ENVIRONMENTAL AND SOCIAL MANAGEMENT FRAMEWORK (ESMF)
Wed, 08/12/2009 - 12:42 — PASNVA_Mod_Angelique
This Environment and Social Management Framework (ESMF) relates to the Rwandan Land Husbandry, Water Harvesting and Hillside Irrigation (LWH) Project which is being financed by the World Bank. The Ministry of Agriculture and Animal Resources (MINAGRI) is the agency responsible for implementing the LWH, including the provisions of this RPF.
This ESMF is to be used by the MINAGRI in order to ensure that the World Bank safeguard OP 4.01 for environmental assessment are adequately addressed. MINAGRI should in addition ensure that the relevant capacity and training needs are established in order for the recommended measures to be implemented effectively.
Both the economic growth and the poverty-reduction objectives for Rwanda rely critically on agricultural growth.Agriculture is identified by the Government as one of the key sectors in both its poverty reduction strategy, the EDPRS, [1] and in its longer-term Vision 2020 document.

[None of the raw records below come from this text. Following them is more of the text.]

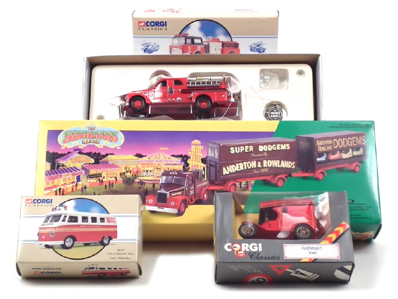 'COLLECTION FIRE SERVICE' avec certificat d'édition limitée numéroté 05118/11500 exemplaires - on y joint une FORD T 'KALAMAZOO FIRE DEPT' en état 'A,c' avec bulletin d'inscription au club 'CORGI FRANCE' - manques de papier sur la boîte
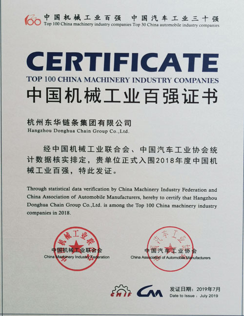 近日,中國機械工業(yè)聯(lián)合會、中國汽車工業(yè)協(xié)會聯(lián)合發(fā)布了2018年中國機械工業(yè)百強、汽車工業(yè)三十強企業(yè)名單。我公司連續(xù)四年躋身中國機械工業(yè)百強榜,排名第59位,也是中國鏈傳動行業(yè)唯一上榜企業(yè)。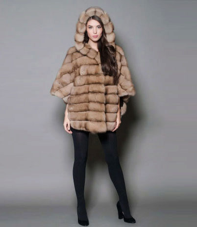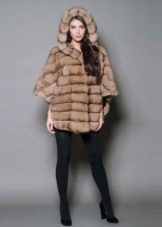 A great transverse variant is demonstrated by this model. The stripes differ from each other in shade, which makes the fur coat interesting. In one of these strips pockets are hidden, which only the owner of the mink car fleet knows about, they are so invisible. The hood in this model is missing, but what a chic collar, and even decorated with a brooch. That's what it means when they talk about the self-sufficiency of the model. Loose cut fur coats perfectly with a short fitted skirt.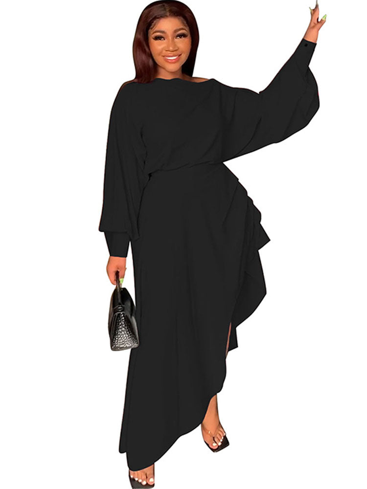 Merkmale: Lange Ärmel. Laternenärmel. schulterfrei. gerüscht. asymmetrisch. einfarbig. fließend. Maxikleider.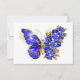 Joyería, azul, zafiro, mariposa de flor brillante con ala decorada con flores azules, preciosas flores con hojas doradas sobre fondo blanco.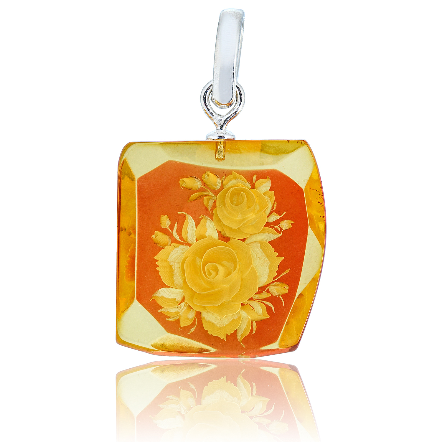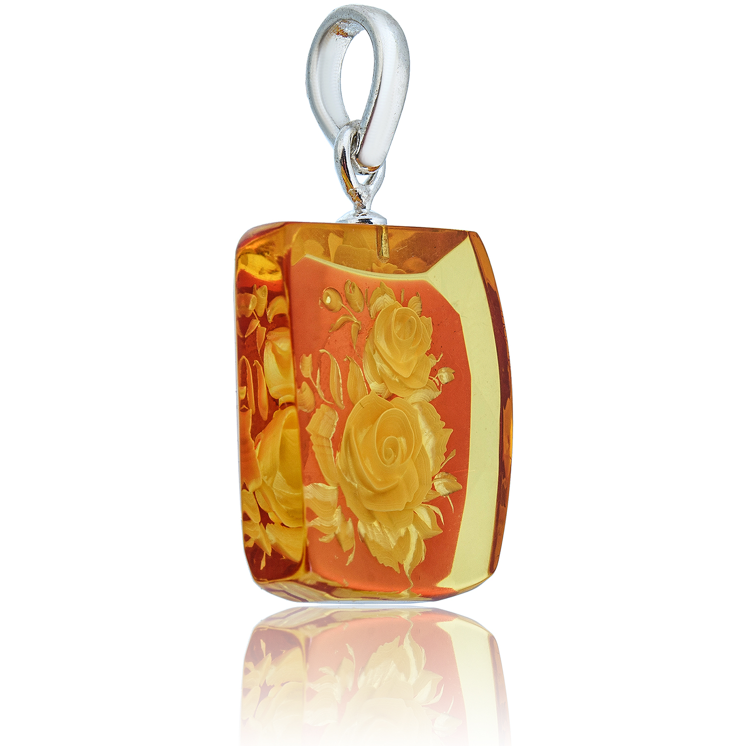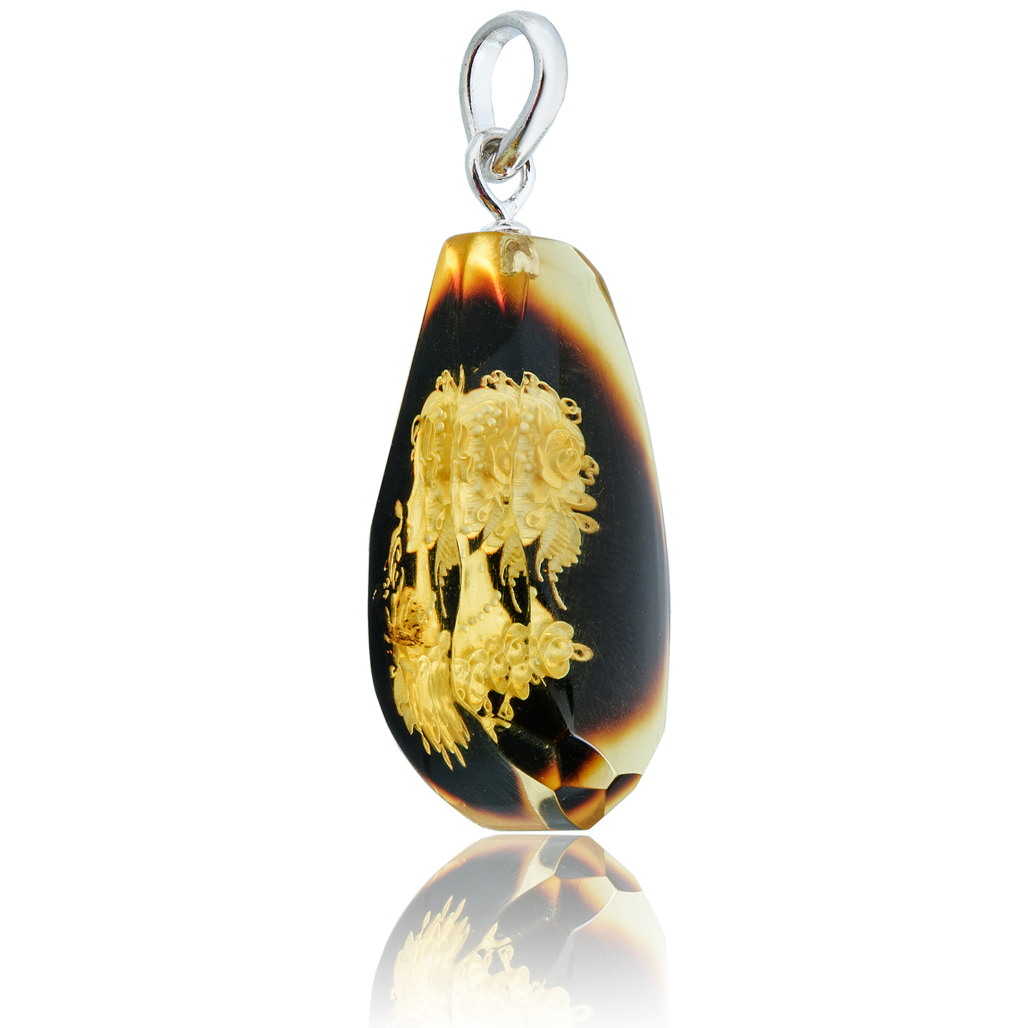 Кулон из натурального янтаря с гравировкой "Камея"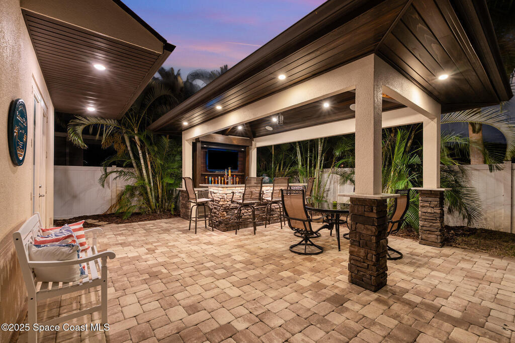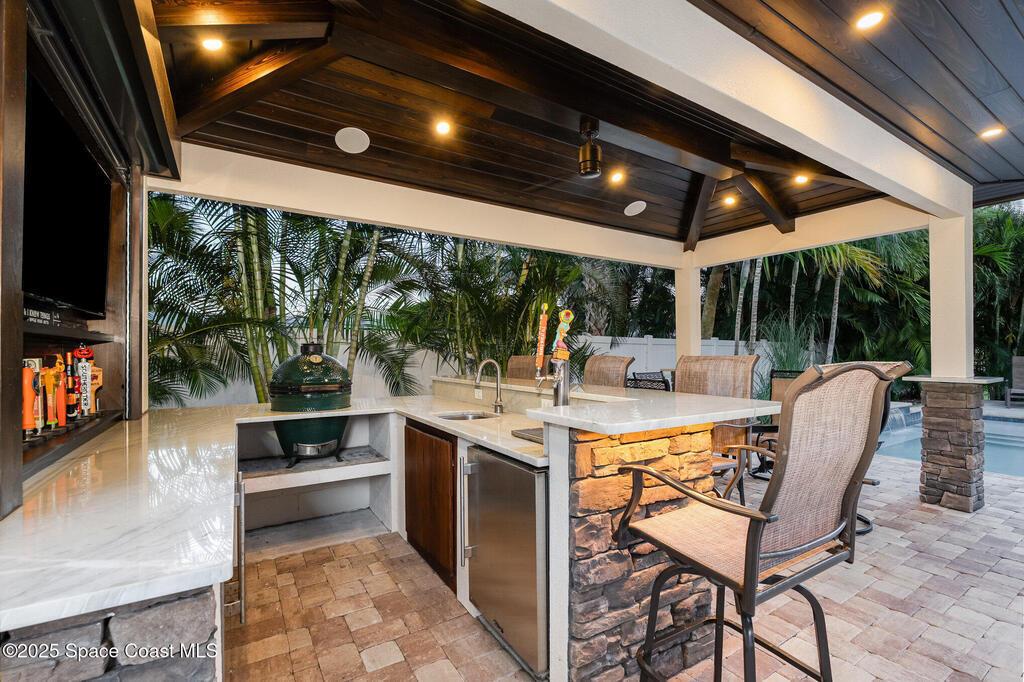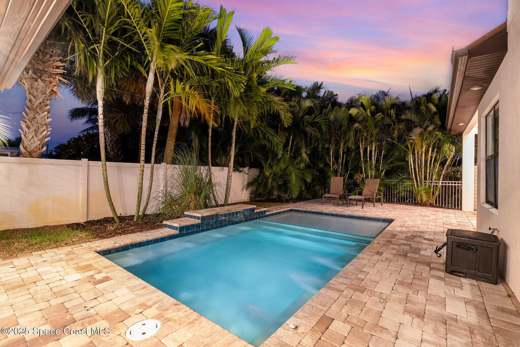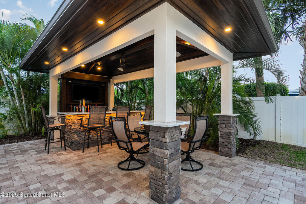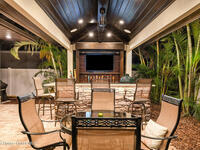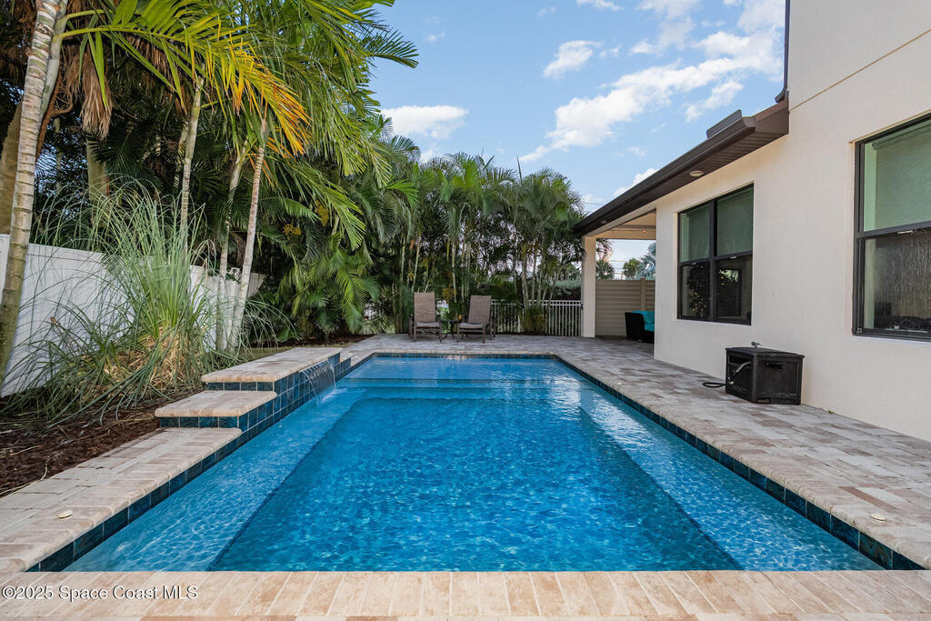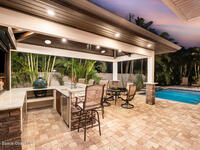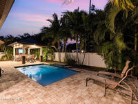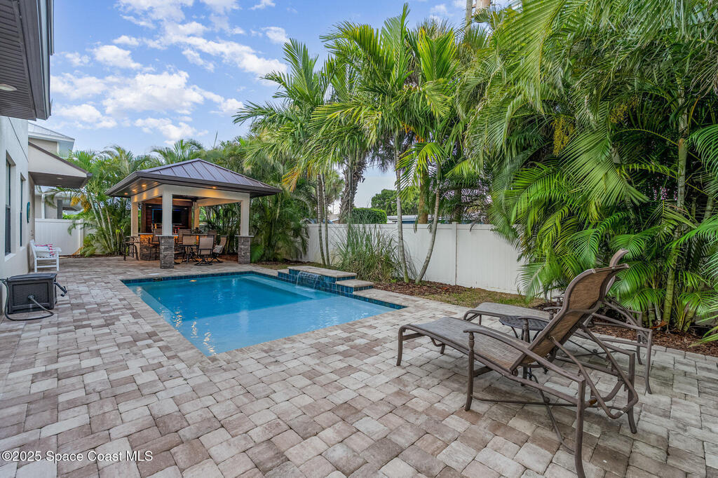 New Price! Reduced $70K! Live the luxury coastal vibe with the beach only 5 blocks away. Newly built pool home in an upscale beachside gated community of the Enclave! Curb appeal begins with the paver driveway, modern architecture, metal roof, & new CBS construction in 2019. The owners added a tropical poolside retreat with a new inground pool, waterfall and baja shelf. The pool is also a gas heated spa, but the star of the exterior is the high-end cabana complete with a custom TV cabinet with rolldown hurricane shutters, wood cypress ceiling, pocket lights, and surround sound. Entertain and grill on Green Egg grill at the custom bar with dual bar fridges and kegerator too! A gourmet kitchen with granite counters, island and breakfast bar plus stainless-steel appliances. The first floor has an open floor plan with the primary bedroom and en-suite bathroom plus the 2nd bedroom and bathroom on the main floor. Upstairs is a family room loft, balcony, 2 additional bedrooms and bathroom.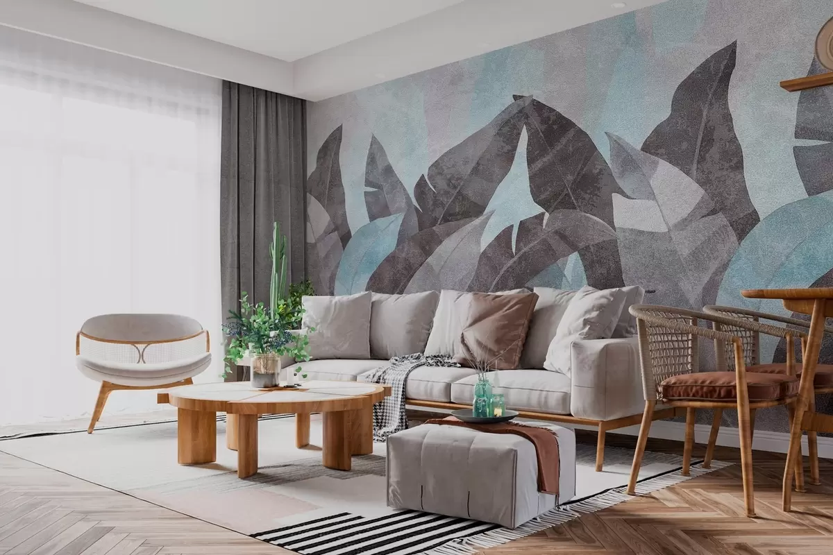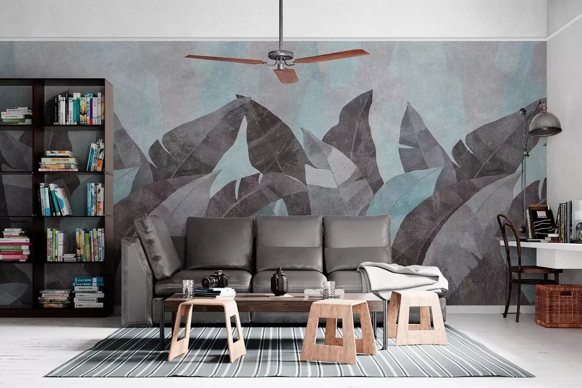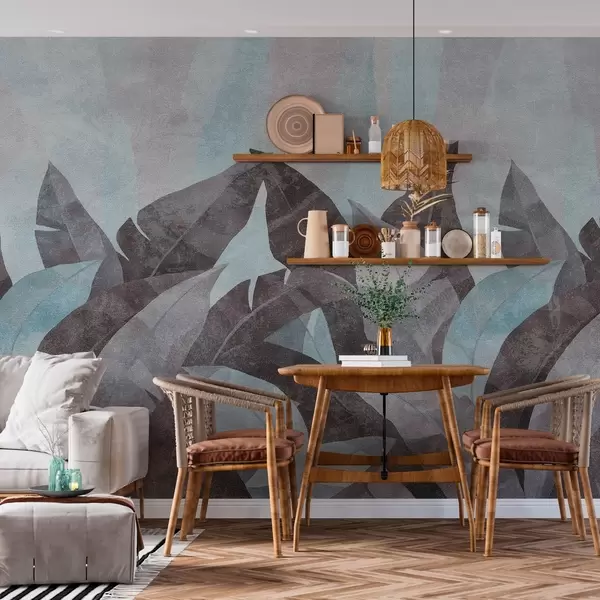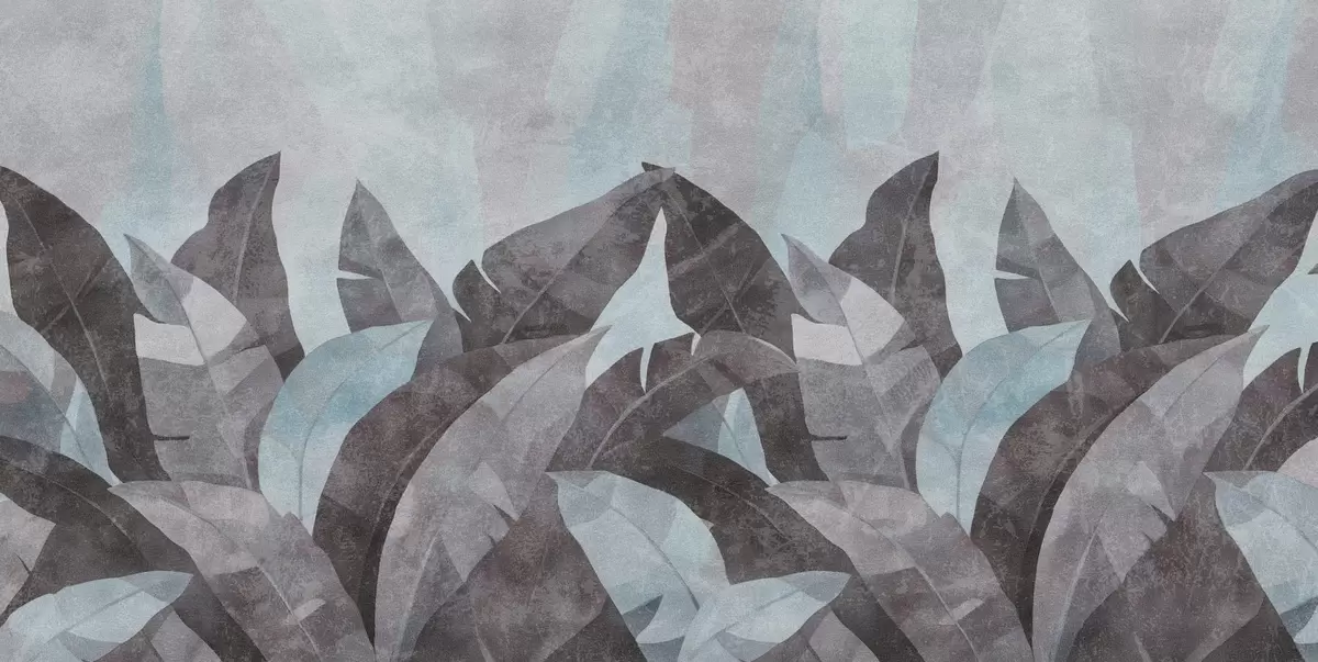 Фотошпалери текстуроване бананове листя у відтінках синього та сірого w04285v2

Agriculture is the backbone of Rwanda’s economy, accounting for about 39 percent of GDP, 80 percent of employment, and 63 percent of foreign exchange earnings. It also provides 90 percent of the country’s food needs. Total arable land in Rwanda is slightly above 1.5 million ha, 90% of which is found on hillsides. The sector faces several challenges: (i) a binding land constraint that rules out extensification (bringing more and more land under cultivation); (ii) small average land holdings (0.3 ha); (iii) poor water management (uneven rainfall and ensuing variability in production) resulting from very low levels of irrigation (15,000 ha in the whole country); (iv) the need for greater (public and private) capacity from the district to the national levels and the lack of extension services for farmers; and (v) limited commercial orientation constrained by poor access to output and financial markets. Without the option of extensification, agricultural intensification must take place in the context of a potentially fertile, but challenging, physical environment. Steep terrains and the highest population density in sub-Saharan Africa (355 inhabitants per km²) make good land husbandry a strict necessity (to curtail erosion and otherwise maintain the quality of the soil), as well as an environmental prerogative. Arable land on hillsides constitutes the vast majority of the total agricultural land in the country, but erosion costs the country 1.4 million tons of fertile soils per year. Given its high dependence on rain fed agriculture, irrigation is critical to reducing the sector’s vulnerability to climatic variation and to aligning the right incentives for intensification.